Bone maintenance is achieved by the appropriate balance between bone formation and resorption. During aging, OB decreased activity, BMSC, OB, and OT senescence, and further cellular pool exhaustion shift this tenuous balance towards bone resorption (Farr and Almeida, 2018; Moerman et al., 2004; Connor et al., 2018). Our lab and others have shown that OB differentiation relies on higher levels of OxPhos activation and mitochondrial bioenergetics, which are compromised during aging (Shum et al., 2016b). In general, mitochondrial function and integrity are impaired during aging in several mechanisms such as, increased accumulation in mtDNA damage and ROS generation, decreased levels of respiratory chain proteins, deficient mitophagy, the quality control tool in mitochondria, dysfunctional UPRmt, and lessened ER-mitochondrial contact and therefore, organelle interaction (Barja, 1999; Sun et al., 2016; Rottenberg and Hoek, 2017; Moehle et al., 2019). ROS increase is also accompanied by a decline in cellular ROS-scavenging capacity leading to increased MPTP opening and loss of integrity of the IMM prompting higher oxidative stress, inflammation, and catabolic pathways. Not surprisingly, aging is by far the major risk factor for chronic and degenerative diseases.

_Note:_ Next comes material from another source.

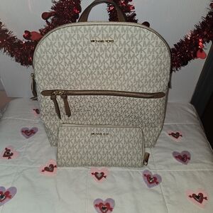 Michael Kors Beige and Brown Woman Backpack With Wallet

There is vast evidence pointing that the deficient mitochondrial machinery observed in aging poses as an important factor in bone loss and fragility, and manipulation of such aging-related mitochondrial parameters are potential therapeutic targets to ameliorate bone-aging phenotype. Since mitochondria are contain TCA cycle and OxPhos machinery, we would only expect that aging mitochondria lead to important changes in the metabolic profile of aged bones. In fact, our group demonstrated that middle-aged 13 month-old mice present important changes in metabolite levels revealed by metabolomic analysis in long bones, namely a glycolytic shift, mitochondrial dysfunction, and oxidative stress (Shum et al., 2016b). At 18 month of age, mouse bone tissue showed an even higher metabolic shift towards glycolysis accompanied by a decrease in TCA-derived metabolite levels (Shum et al., 2016b). This increase in glycolysis in aging is most likely an adaptation to the impaired mitochondrial function. We also detected an increased energy charge, an important regulator of anabolic/catabolic pathway decision (Bassham and Krause, 1969), and higher oxidized glutathione levels, a marker for oxidative stress (Aquilano et al., 2014). These data indicate that the disturbed metabolic pathway in aged bone tissue is poised to promote bone catabolism and oxidative stress, respectively.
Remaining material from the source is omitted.